Al fin, Higinio nos daba la llave, una llave grande y pesada, dorada, con la medalla redonda y el perfil cilíndrico, largo y hueco, colgando de un enorme llavero de madera. Teresa y yo nos peleábamos por cogerlo y ver qué número de habitación nos tocaba. Solía ganar ella y echaba a correr por las escaleras sin revelarme el número. Yo la seguía protestando. Detrás, nuestros padres subían despacio, cargando con las bolsas. No corráis, no hagáis ruido. Venid a ayudarnos, pero Teresa ya se había detenido delante de la puerta y metía la llave, satisfecha. En cuanto abría, corría a la litera adueñándose de la cama de arriba. —¡Mía!
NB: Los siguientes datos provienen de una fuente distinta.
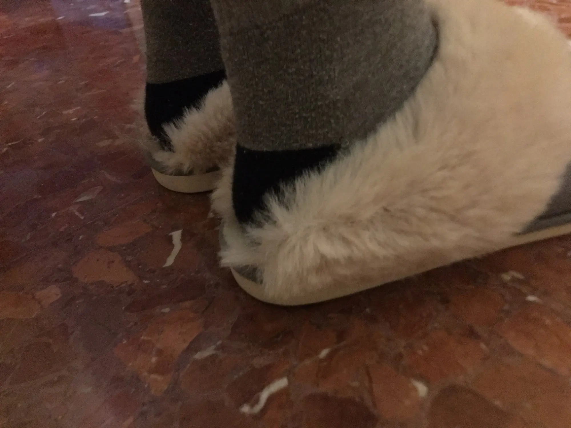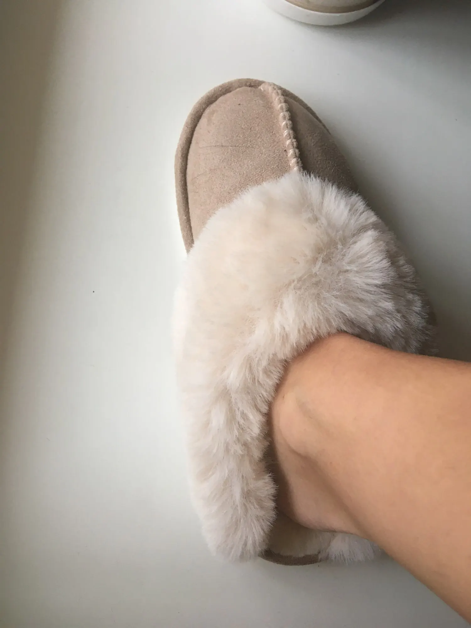 Мех искусственный. Нога потеет быстро. Швы не ровные. Тапкам Красная цена 3 доллара.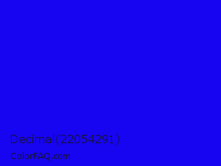 Decimal 22054291 Color is a normal indigo color and the nearest color is Bluebonnet #1c1cf0. Hex code #1704f1 and RGB value is rgb(23,4,241). In RGB color space, this color is composed of 9% red, 2% green, 95% blue, In CMYK color space, this color is composed of 90% cyan, 98% magenta, 0% yellow , 5% black , In HSL color space, this color has a hue angle of 245° , 97% saturation and 48% lightness.

A mí siempre me tocaba la de abajo. Pero aquel viernes no me importó. Era una de las habitaciones que daban al aparcamiento y al monte blanco, lleno de arbustos. El monte donde todo era posible y al que nadie iba porque no se esquiaba. El monte que yo iba a escalar. Abrí la ventana y me apoyé en el alféizar contemplando su silueta contra el cielo negro. Me maravillaba la luz de la nieve en la oscuridad, pálida, sucia ahora por los árboles que la entreveraban. Todo era negro y sin embargo la nieve resplandecía. El aire frío sopló mi rostro. Sentí los labios helados, los 14


párpados. Abrí la boca y dejé que ese frío me invadiera por dentro. —¿Quieres cerrar la ventana? Antes de que pudiera hacerlo, mi madre empujó la hoja y la manilla. Mi aliento hizo un borrón en el cristal, se llevó la montaña. —Guardad vuestras cosas. ¿Vais a bajar al salón antes de cenar? —Claro —dijo Teresa, contenta, desde lo alto de su cama, moviendo las piernas. Yo, sin embargo, no quería hablar. No quería que aquel frío se fuera de mis labios. Seguía con ellos entreabiertos, sintiendo mi boca helada, enorme. Cerré los ojos para percibirlo mejor y ya solo era eso, labios. Frío. Era el invierno y era la boca. Y también el incendio que llevaba dentro, el aliento que destruía el monte en la ventana, el inicio del deseo que tiraba de mí y que iba a hacer que todo cambiara. Entonces escuché el golpetazo de los pies de Teresa contra el suelo y el vendaval de su cuerpo caliente y mortal, su empujón. —Vamos a ver a Mario. De pronto, todo ese frío se perdió en aquel nombre. Con las mejillas ardiendo, corrí detrás de mi hermana.